(Stored records)
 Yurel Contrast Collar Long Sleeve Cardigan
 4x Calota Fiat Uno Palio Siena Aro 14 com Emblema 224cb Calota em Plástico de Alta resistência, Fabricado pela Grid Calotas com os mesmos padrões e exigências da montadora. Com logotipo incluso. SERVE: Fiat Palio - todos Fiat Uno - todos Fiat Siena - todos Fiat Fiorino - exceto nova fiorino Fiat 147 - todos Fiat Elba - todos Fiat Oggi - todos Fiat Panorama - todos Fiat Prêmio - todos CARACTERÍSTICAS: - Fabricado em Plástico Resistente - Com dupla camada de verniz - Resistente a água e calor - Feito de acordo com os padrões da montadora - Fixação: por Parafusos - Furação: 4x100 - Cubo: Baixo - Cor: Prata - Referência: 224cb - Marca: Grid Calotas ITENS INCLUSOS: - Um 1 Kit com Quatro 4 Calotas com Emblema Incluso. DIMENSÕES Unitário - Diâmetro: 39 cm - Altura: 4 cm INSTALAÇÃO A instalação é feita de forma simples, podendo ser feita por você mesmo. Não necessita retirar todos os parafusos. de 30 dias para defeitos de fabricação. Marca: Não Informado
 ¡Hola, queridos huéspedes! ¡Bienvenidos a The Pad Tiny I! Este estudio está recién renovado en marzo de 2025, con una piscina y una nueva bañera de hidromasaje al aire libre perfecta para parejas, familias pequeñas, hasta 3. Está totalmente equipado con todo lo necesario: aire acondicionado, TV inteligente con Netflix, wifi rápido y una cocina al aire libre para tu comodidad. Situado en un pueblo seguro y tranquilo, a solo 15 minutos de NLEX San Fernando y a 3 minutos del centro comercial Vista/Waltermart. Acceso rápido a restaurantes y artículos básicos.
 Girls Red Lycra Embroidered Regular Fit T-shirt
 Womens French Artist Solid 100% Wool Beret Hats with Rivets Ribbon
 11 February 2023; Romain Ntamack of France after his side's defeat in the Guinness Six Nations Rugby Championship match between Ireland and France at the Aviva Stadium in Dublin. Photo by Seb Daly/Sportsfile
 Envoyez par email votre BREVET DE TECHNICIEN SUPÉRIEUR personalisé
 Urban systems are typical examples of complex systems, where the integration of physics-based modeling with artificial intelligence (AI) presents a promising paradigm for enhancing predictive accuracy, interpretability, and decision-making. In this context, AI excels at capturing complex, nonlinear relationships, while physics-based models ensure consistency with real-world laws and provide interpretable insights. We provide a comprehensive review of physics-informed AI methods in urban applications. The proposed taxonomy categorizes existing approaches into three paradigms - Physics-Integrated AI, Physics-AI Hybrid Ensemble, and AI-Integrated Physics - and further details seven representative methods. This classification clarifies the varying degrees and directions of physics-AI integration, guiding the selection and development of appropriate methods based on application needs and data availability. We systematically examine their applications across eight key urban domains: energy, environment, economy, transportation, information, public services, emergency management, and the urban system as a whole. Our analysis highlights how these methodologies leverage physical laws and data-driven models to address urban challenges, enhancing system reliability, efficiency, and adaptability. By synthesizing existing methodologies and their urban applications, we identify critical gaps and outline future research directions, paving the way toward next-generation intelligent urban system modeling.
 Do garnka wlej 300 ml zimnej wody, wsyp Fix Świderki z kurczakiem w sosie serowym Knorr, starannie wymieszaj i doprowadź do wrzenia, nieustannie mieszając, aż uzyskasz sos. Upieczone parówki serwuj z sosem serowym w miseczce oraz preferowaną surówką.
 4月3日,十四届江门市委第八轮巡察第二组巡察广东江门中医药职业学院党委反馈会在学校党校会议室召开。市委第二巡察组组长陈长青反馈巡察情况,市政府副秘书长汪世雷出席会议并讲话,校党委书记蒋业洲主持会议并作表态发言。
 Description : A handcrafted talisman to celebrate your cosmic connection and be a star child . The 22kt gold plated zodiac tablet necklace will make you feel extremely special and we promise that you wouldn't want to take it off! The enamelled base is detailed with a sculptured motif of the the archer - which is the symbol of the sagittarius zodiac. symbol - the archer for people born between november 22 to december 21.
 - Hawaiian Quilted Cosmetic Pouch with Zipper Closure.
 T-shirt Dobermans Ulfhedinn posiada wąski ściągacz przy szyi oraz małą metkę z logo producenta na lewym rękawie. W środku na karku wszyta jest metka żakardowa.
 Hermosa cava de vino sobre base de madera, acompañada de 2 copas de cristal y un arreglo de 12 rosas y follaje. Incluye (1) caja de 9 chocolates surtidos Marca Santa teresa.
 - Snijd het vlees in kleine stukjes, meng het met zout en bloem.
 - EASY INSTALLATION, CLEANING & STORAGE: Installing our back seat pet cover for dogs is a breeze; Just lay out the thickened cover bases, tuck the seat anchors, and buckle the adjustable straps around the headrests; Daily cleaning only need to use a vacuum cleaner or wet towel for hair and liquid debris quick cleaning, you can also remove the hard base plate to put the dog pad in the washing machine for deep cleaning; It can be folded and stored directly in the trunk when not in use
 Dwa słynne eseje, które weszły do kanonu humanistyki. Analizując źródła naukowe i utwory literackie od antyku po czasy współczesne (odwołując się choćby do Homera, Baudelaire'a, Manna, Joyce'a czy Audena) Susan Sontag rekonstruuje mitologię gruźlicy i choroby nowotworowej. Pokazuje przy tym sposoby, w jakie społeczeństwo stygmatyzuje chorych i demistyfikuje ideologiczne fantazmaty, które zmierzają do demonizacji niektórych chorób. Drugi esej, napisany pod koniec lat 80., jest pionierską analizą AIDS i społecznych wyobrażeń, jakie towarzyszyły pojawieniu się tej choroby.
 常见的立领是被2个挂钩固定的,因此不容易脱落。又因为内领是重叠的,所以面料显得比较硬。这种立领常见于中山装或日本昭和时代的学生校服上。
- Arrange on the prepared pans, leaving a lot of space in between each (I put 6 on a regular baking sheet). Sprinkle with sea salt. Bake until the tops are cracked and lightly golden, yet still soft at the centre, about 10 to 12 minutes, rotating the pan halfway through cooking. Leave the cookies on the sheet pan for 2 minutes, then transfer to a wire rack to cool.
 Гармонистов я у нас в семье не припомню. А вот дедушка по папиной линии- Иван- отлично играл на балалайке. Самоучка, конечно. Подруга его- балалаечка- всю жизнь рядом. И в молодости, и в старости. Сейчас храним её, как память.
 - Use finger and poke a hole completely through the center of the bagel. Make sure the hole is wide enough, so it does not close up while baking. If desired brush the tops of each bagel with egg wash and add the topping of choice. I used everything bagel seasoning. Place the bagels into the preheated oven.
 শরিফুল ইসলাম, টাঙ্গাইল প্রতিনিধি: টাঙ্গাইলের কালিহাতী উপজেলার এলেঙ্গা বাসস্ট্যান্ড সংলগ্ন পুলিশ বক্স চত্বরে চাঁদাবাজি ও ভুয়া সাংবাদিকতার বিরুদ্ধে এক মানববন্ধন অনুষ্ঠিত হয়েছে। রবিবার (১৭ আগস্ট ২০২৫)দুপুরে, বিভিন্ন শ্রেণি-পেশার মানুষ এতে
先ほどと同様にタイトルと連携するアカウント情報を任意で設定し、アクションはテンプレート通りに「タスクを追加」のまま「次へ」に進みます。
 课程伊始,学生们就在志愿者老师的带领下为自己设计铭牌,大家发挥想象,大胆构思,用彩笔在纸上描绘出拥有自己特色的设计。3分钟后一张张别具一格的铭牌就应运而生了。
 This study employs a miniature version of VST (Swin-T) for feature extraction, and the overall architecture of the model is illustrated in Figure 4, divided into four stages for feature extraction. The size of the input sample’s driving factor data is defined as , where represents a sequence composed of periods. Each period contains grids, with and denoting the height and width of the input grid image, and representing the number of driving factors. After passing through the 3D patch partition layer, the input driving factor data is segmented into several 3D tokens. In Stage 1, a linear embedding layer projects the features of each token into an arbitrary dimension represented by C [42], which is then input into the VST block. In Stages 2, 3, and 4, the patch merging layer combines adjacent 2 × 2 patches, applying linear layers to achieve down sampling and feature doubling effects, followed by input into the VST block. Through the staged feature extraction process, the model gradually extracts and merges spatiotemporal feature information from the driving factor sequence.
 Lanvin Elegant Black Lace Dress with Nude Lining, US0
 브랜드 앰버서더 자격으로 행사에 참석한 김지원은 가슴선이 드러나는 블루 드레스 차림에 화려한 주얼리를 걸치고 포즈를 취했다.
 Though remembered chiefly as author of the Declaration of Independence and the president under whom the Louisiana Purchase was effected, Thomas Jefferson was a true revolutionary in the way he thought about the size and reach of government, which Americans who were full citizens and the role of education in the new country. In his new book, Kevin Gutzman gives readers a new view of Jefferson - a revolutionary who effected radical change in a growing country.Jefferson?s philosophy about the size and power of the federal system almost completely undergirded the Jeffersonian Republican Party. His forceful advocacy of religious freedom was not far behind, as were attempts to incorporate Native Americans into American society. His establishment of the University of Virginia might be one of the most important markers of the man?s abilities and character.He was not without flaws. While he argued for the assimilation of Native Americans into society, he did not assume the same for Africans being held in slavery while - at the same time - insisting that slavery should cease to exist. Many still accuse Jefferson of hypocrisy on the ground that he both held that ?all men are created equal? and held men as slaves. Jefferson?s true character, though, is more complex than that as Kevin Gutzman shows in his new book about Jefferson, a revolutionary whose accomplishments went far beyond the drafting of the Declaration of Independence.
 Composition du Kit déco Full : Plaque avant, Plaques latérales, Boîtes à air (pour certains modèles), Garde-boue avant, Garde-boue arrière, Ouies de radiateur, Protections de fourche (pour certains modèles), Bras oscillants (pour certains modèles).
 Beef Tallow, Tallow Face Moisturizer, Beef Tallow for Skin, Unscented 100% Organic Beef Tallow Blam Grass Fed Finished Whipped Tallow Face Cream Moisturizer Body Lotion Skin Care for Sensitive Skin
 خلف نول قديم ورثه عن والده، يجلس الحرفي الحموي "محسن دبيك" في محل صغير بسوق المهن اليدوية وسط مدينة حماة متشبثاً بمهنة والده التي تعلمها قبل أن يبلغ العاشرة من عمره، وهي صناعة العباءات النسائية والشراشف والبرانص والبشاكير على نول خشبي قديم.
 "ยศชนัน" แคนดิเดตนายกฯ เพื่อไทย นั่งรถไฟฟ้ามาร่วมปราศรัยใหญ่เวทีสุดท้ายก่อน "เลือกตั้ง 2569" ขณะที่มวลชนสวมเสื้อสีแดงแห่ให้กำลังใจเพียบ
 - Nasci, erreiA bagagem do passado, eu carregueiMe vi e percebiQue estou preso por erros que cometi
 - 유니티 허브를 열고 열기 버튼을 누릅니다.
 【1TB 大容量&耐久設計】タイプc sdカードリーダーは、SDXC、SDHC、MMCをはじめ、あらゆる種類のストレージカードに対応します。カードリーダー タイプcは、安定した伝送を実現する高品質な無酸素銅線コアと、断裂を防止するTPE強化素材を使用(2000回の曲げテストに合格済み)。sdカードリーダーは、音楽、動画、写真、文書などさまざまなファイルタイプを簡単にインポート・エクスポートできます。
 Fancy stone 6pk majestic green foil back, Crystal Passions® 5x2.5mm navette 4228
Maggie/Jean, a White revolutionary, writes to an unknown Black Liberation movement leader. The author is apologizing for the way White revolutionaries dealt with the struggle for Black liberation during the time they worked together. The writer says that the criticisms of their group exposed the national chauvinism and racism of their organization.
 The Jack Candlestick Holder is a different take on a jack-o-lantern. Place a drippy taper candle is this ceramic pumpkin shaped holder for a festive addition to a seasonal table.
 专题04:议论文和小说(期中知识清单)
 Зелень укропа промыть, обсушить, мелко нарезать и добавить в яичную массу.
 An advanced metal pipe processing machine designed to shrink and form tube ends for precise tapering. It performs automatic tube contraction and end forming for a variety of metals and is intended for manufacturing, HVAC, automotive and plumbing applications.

EXERCISE REQUIREMENTS >>
Only a number is expected: the count of lines in the data that contain the word "oraz".

THE COMPLETED TASK >>
2